THE PROBLEM: From the material beneath, pull every line with the word "Satrapi".

RECORDS TO PROCESS:
*****

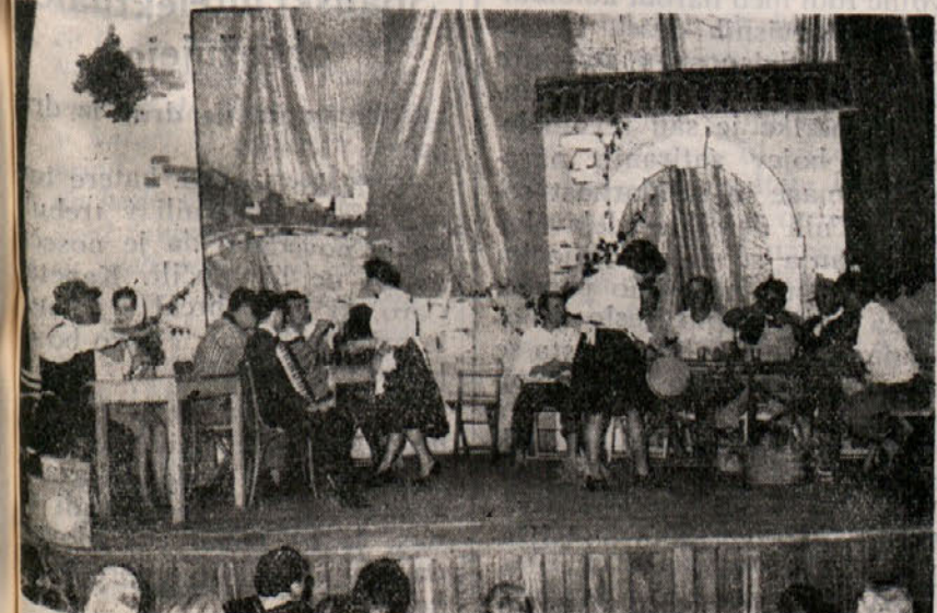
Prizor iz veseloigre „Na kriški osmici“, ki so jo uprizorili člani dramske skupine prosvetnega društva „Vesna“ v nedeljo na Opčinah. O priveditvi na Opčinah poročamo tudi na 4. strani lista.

*****

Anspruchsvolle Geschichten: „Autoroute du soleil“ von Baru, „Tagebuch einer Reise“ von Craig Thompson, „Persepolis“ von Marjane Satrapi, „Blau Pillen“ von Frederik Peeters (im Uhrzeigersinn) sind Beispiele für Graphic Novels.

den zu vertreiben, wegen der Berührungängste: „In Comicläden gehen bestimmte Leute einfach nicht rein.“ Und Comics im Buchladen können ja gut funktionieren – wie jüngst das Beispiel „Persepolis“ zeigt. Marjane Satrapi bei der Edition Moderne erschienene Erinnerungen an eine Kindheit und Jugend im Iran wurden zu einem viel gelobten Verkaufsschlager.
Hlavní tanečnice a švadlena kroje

*****

RESPONSE:
Anspruchsvolle Geschichten: „Autoroute du soleil“ von Baru, „Tagebuch einer Reise“ von Craig Thompson, „Persepolis“ von Marjane Satrapi, „Blau Pillen“ von Frederik Peeters (im Uhrzeigersinn) sind Beispiele für Graphic Novels.
den zu vertreiben, wegen der Berührungängste: „In Comicläden gehen bestimmte Leute einfach nicht rein.“ Und Comics im Buchladen können ja gut funktionieren – wie jüngst das Beispiel „Persepolis“ zeigt. Marjane Satrapi bei der Edition Moderne erschienene Erinnerungen an eine Kindheit und Jugend im Iran wurden zu einem viel gelobten Verkaufsschlager.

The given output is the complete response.